En la Constitución Española de 1978 (CE 1978) existen dos artículos que entran en conflicto y entre los que se ha intentado establecer un equilibrio de suyo inestable. Declaran, respectivamente, el derecho al trabajo y el derecho a la libre empresa. El primero es mucho más ambiguo, y se ha querido interpretar de diversas formas, según los intereses en juego. Así, se lo ha querido ver como un contrapeso al derecho de huelga, en el sentido de que también hay un derecho a no seguir la huelga, esto es, un derecho a trabajar que hipotéticamente podrían conculcar los piquetes, y se trataría de prohibirles legalmente el hacerlo, para lo que, en consecuencia, se los califica en nuestro país de informativos, subrayando así que no deben de intimidar. Esta interpretación no se sostiene, toda vez que al derecho de huelga la propia CE 1978 lo adjetiva de fundamental, mientras que al derecho al trabajo no. En técnica jurídica, al parecer, la diferencia consiste en que el derecho fundamental puede ejercerse directamente, sin necesidad de legislación orgánica que lo desarrolle, en tanto que el derecho constitucional pero no fundamental necesita de dicha legislación para poder ejercerse. De ahí que nunca haya dejado de ejercerse el derecho de huelga aun cuando no hay ley de huelga que la regule, entre otras cosas porque los sindicatos se han opuesto (porque podían hacerlo) a que la haya. En otras palabras, incluso sin llegar al extremo de la violencia física, cuyo monopolio pertenece en un Estado de derecho a los poderes públicos, hay muchas coacciones que los piquetes de huelga pueden ejercer, coacciones que naturalmente ejercen y que hacen de su calificación de “informativos” un verdadero eufemismo. Y es que, en esta interpretación, el derecho al trabajo no está regulado, circunstancia que lo convierte en papel mojado.
La segunda interpretación del derecho constitucional al trabajo afirma que nadie puede ser arbitrariamente desprovisto de sus medios de subsistencia. En este sentido, un trabajador asalariado, que desempeña decentemente su trabajo, no puede ser despedido sin motivación alguna; motivación que debe ser sustanciada ante la autoridad competente, en unos casos judicial, en otros administrativa. Este es el derecho constitucional pero no fundamental al trabajo que desarrolla, como es preceptivo, el Estatuto de los Trabajadores. Y es esta regulación la que permite afirmar que el despido no es libre en España, aunque es cierto que puede llegar a producirse al final de un proceso en el que se ha demostrado judicialmente que es injusto, es decir, arbitrario, sin otra motivación que la voluntad del empresario de llevarlo a cabo, porque otra cosa sería dejar sin efecto el derecho a la libre empresa, que también reconoce la CE 1978.

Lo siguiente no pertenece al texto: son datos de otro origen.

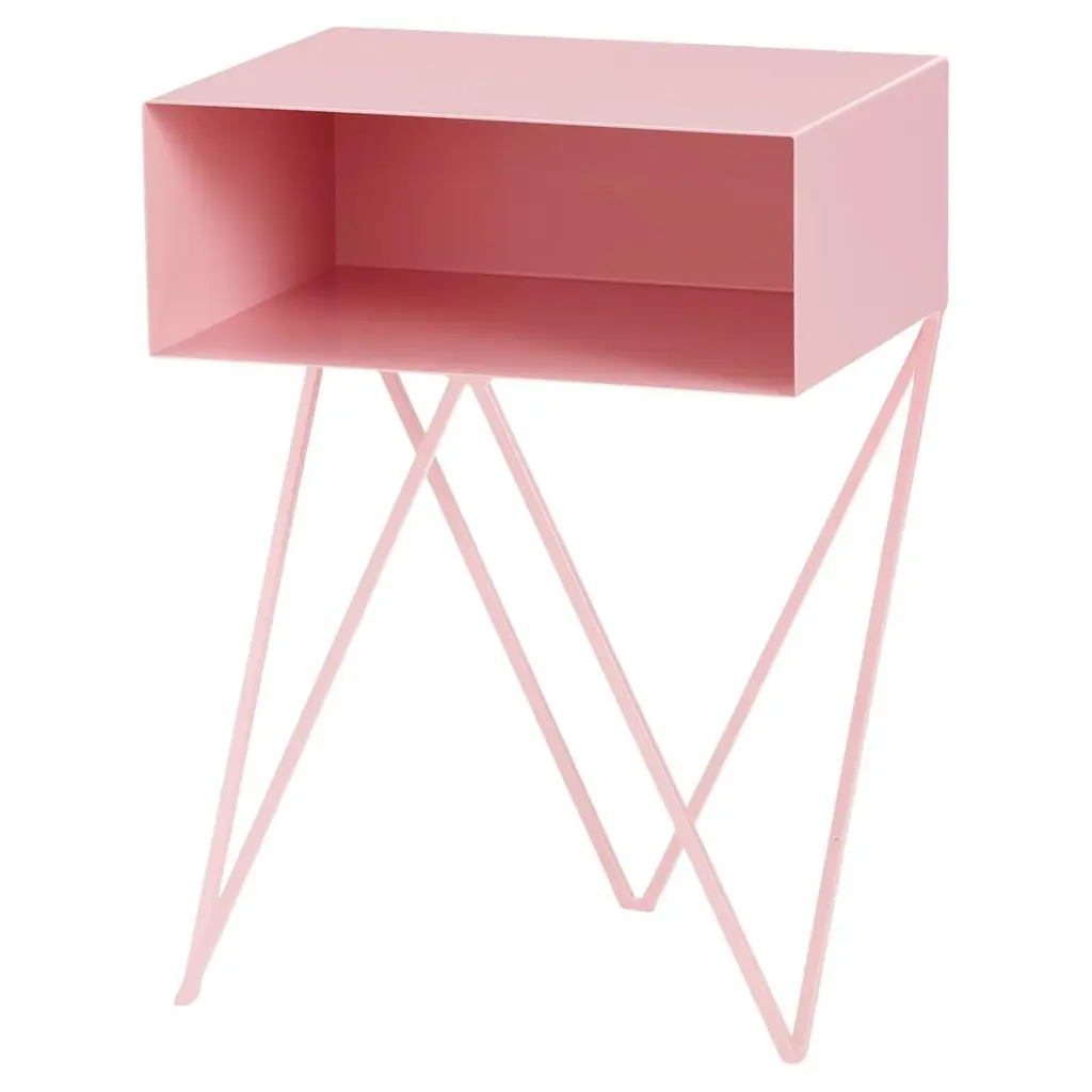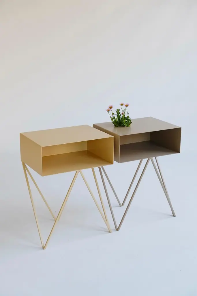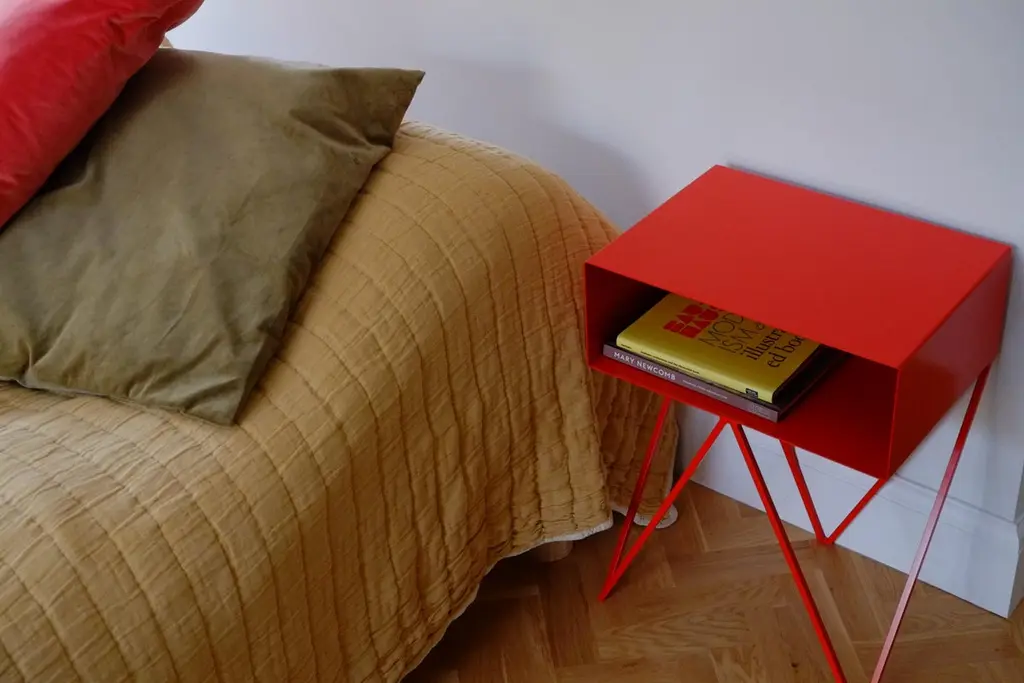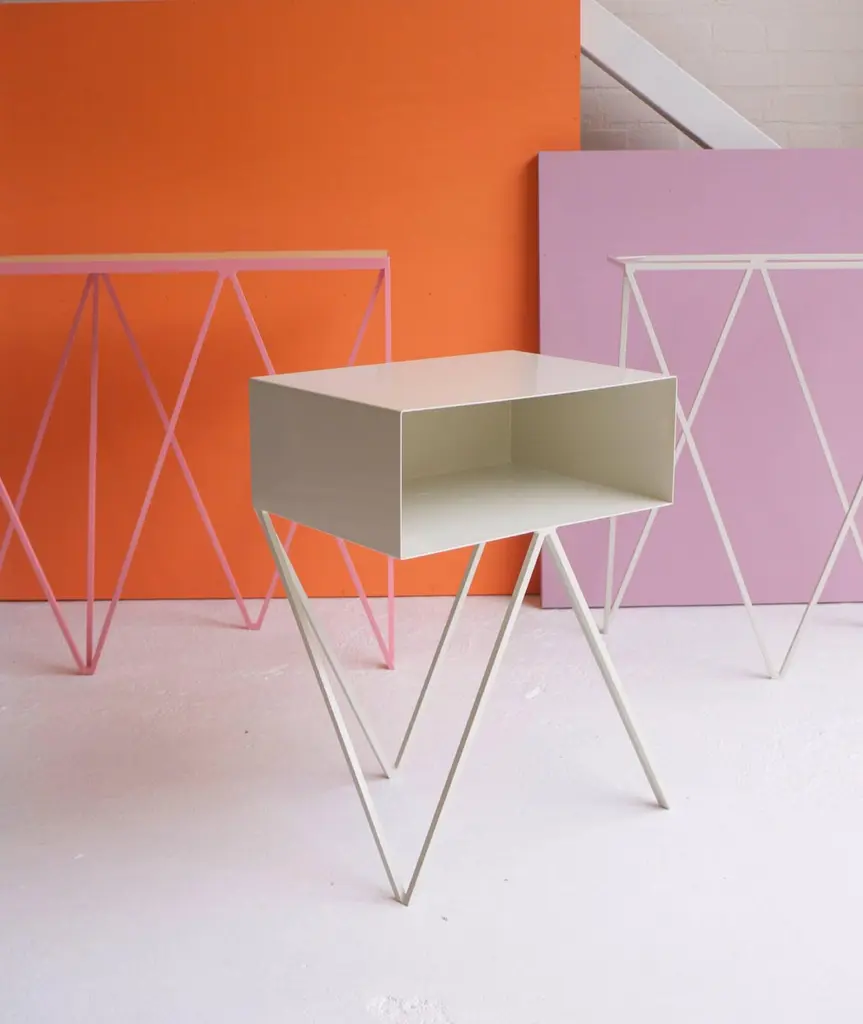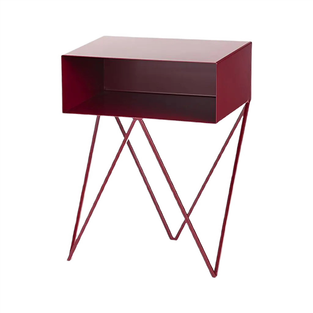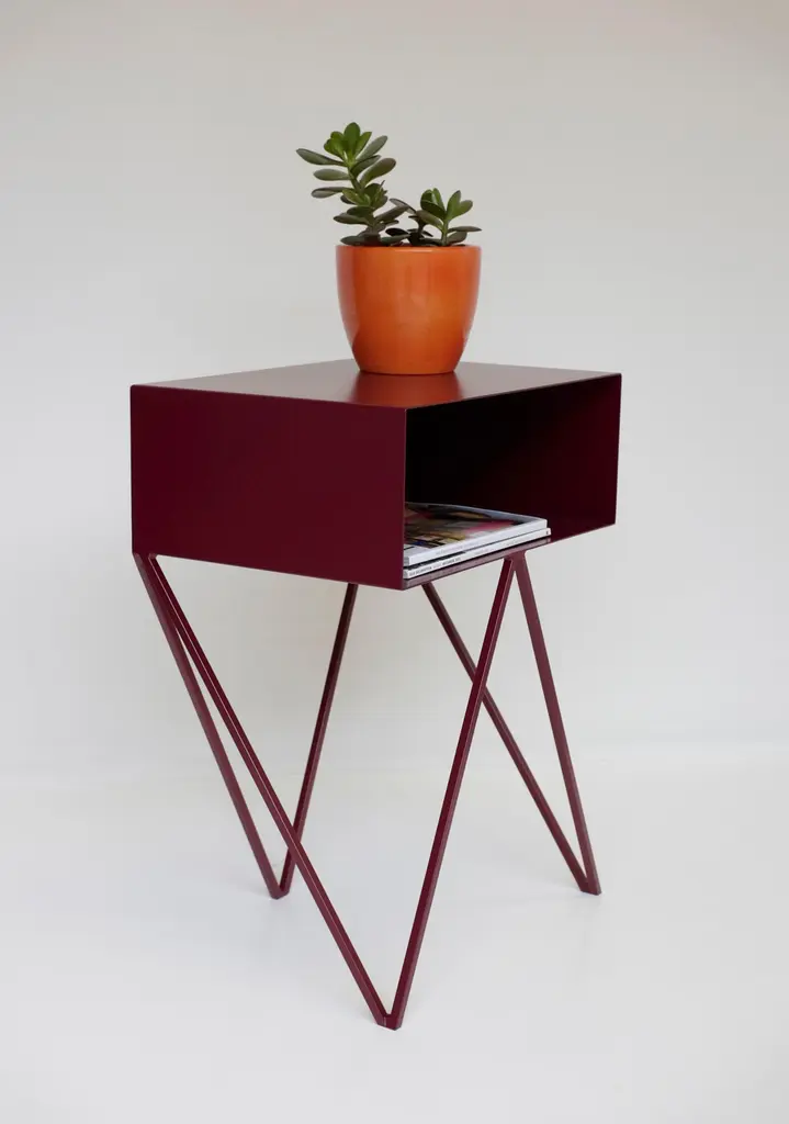 Our all-time best-seller the Robot side table features an open shelf on zig zag legs. A fun and functional design made of solid steel, powder-coated in burgundy or beetroot, as we like to call it. The clean lines look great against period details as well as in modern spaces. Perfect as a bedside table, nightstand or end table for a sofa in the living room.Measurements: approx. 45cm wide, 33cm deep, 60,5cm high. 17cm high inside the shelf.Colour samples available to order from our storefront - LU2894331610202 All &New products are manufactured in Britain in small batches. They have plenty of character as every weld is different. The result is a collection of furniture that celebrates those little imperfections that make objects beautiful.Worldwide delivery is available.Mirka and Jo &New Modern British FurnitureZig-zag-legs/ Registered design. Community design registration number: 002391813-0001.

Es así como el Estatuto de los Trabajadores, de forma tan alambicada, ha establecido un equilibrio inestable entre dos derechos, a la vez constitucionales y no fundamentales, que se contradicen mutuamente. Inestable, porque para el empresario es una costosa cortapisa, en tiempo y dinero (hay unos salarios de tramitación durante el proceso legal), el tener que pasar por una o varias instancias oficiales para llegar a un punto al que se ha propuesto llegar en todo caso. De ahí deriva la permanencia de la reivindicación del despido libre en el programa de la patronal española, que ante cualquier situación de dificultad ve en su consecución una fuente de posibles ahorros, que serían de mayor o menor ayuda para la supervivencia de la empresa. De otro lado, sin embargo, está la exigencia constitucional de coherencia entre las normas legales: establecer el despido libre, por más que fuera indemnizado, supondría vaciar de todo contenido un derecho constitucional, el derecho al trabajo. Un incómodo precedente, en el mejor de los casos.